Wheat & Barley Grasses Research suggests that these grasses can improve symptoms of fibromyalgia and rheumatoid arthritis. Humans can’t digest whole grasses, but these green foods are available as juice and powdered extracts. Wheatgrass juice is 70 percent chlorophyll, contains 92 minerals, and is packed with vitamins B, C, E, and K. Because it has a unique and potent flavor, most enthusiasts prefer to take it as a powdered supplement—the perfect way to boost the nutritional value of any green drink. Be aware that these grasses may cause a reaction in those with gluten allergies or sensitivities.
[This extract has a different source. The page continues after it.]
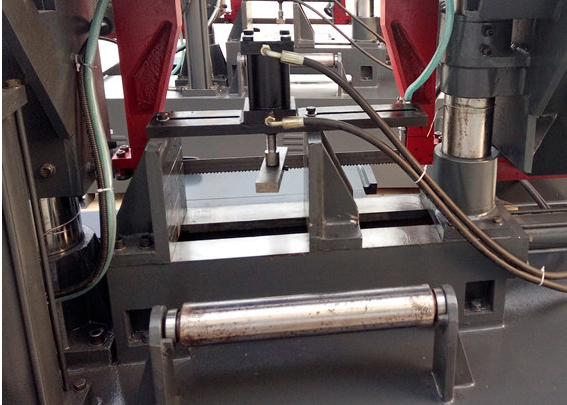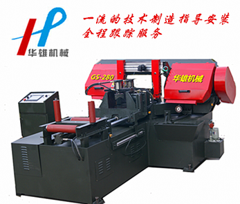 鋸床主要部件有:底坐、床身、立柱、鋸梁和傳動機構、導向裝置、工件夾緊、張緊裝置、送料架、液壓傳動系統、電氣控制系統、潤滑及冷卻系統。其操作簡單耐用,液壓系統和減速機均選用優質廠家提供,質量穩定。切削速度液壓控制,無極調速,方便快速。雙立柱結構,垂直升降,穩定性高。可根據用戶要求自行設定任意旋轉角度,可調角度在0°—45°/60°左右,操作簡單。鋸床工件加緊為液壓加緊,一鍵式加緊手柄操作方便快捷。

Matcha Green Tea This green tea contains a high concentration of L-theanine, a stressreducing amino acid that promotes brain health and helps regulate mood and alertness.

Beets This root vegetable adds a nice burst of sweetness to a drink. Its nutrients can improve blood flow, lower blood pressure, boost stamina, and enhance cardiovascular health.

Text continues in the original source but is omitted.